The British Pound had a poor week which started pretty well but then turned sour after a series of soft economic data. As all the non-USD currencies rallied on Monday, GBP/USD jumped exactly a cent from its opening level of 1.4140 to 1.4240. It was steady in Asia on Tuesday but then tumbled to 1.4075 by Tuesday lunchtime in London. By Wednesday morning it had rallied to 1.4200 but was then sold persistently for the next 48 hours, reaching a low on Friday morning of 1.4015; its lowest since March 21st. A very modest rally off the lows saw it close around 1.4025 but the GBP was the worst performer on the week, falling against every one of the major currencies we follow closely here.
The UK housing market continues to soften - especially in London and surrounding areas - and mortgage lender Nationwide said last week that annual house price growth cooled to a seven-month low of just 2.1% in March; well below consensus estimates of a 2.6% gain. Meantime, the Bank of England said the number of mortgages approved for house purchase fell to 63,910 in February from 67,110 in January, well below economists’ forecasts of a smaller drop to 66,000. The Confederation of British Industry’s distributive trades survey, meantime, showed the retail sales balance fell to -8 from +8 in February, confounding a median forecast of +15. The CBI report said, “Against a backdrop of stagnating household incomes and weak consumer confidence, the lengthy cold snap earlier this month has heaped added pressure on retailers… Freezing conditions and transport disruption caused people to avoid the high street. With many forced to work from home, telecoms firms saw record internet traffic, yet on-line shopping slowed sharply given the potential for disrupted deliveries.”
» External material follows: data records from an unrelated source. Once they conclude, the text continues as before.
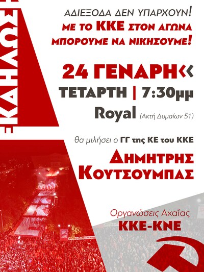 Οι Οργανώσεις Αχαΐας του ΚΚΕ και της ΚΝΕ διοργανώνουν εκδήλωση την Τετάρτη στις 7:30μμ στο Royal (Ακτή Δυμαίων 51) με θέμα: «ΑΔΙΕΞΟΔΑ ΔΕΝ ΥΠΑΡΧΟΥΝ! ΜΕ ΤΟ ΚΚΕ ΣΤΟΝ ΑΓΩΝΑ ΜΠΟΡΟΥΜΕ ΝΑ ΝΙΚΗΣΟΥΜΕ!».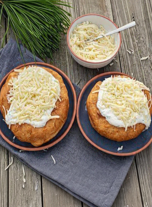 Ingredienser 📋: 🌾 500 g hvedemel 🥄 1 tsk salt 🥄 1 spiseskefuld sukker 🥄 25 g frisk gær 🥛 250 ml mælk 💧 100 ml vand 🌄 Olie til stegning 🧄 2 fed hvidløg, presset 🧀 200 g revet gul ost 🥛 200 ml cremefraiche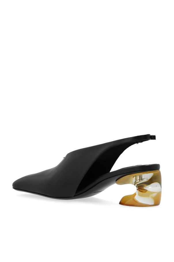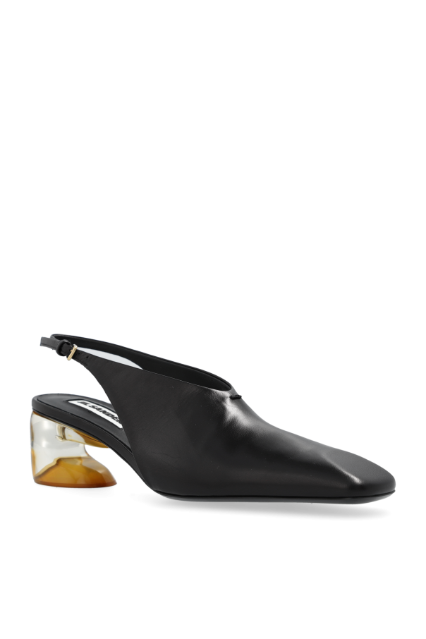 Introducing the epitome of modern elegance and sophisticated design - the JIL SANDER Black Heeled Shoes. Crafted with the utmost precision, these shoes are a testament to the luxurious aura of exclusive designer wear. The sleek, black leather exterior boasts a smooth finish, seamlessly encapsulating the essence of luxury. The distinctive shape, featuring a sharp, tapered toe and an open back with a strap secured by a small gold clasp, exudes refinement and contemporary allure. The heels\' unique block shape, adorned with marble-like insets in shades of amber and white, serves as a striking decorative element, elevating the overall aesthetic. Constructed from premium goat leather for both the outer and inner layers, these shoes promise durability and comfort. The sole, a combination of leather and rubber with anti-slip inserts, ensures stability and grace in every step. The subtle placement of the \"JIL SANDER\" logo on the inner side of the heel strap adds a tasteful touch of brand identity, distinguishing these shoes as a work of art from a renowned designer. Why Purchase This Product? Exclusivity and elegance encapsulated in a pair of shoes designed by the esteemed JIL SANDER. Luxurious goat leather construction ensures both comfort and longevity. Unique heel design with marble-like detailing adds a sophisticated and artistic touch. The sleek black color and contemporary shape make these shoes a versatile choice for any upscale outfit. Anti-slip sole inserts provide stability, allowing for confident and graceful movement.

The second revision to the UK’s Q4 GDP numbers on Thursday didn’t contain any surprises, with quarterly growth unchanged at +0.4% and the annual rate at just 1.4% after 1.8% in Q3. Even with the significant depreciation of the GBP after the EU referendum back in June 2016, net trade was still estimated to have subtracted around 0.4% from GBP; a worse performance than after all other big depreciations of sterling in the post-war period. Elsewhere in the details of the report, household spending was estimated to have increased by 0.3%, while business investment increased by 0.3%, rather than held steady as previously thought. The economic data highlights for the week ahead will be the various PMI surveys (manufacturing, construction and services) released between Tuesday and Thursday. The pound ended last week at USD1.4025, GBP/AUD1.8255 and GBP/NZD1.9365.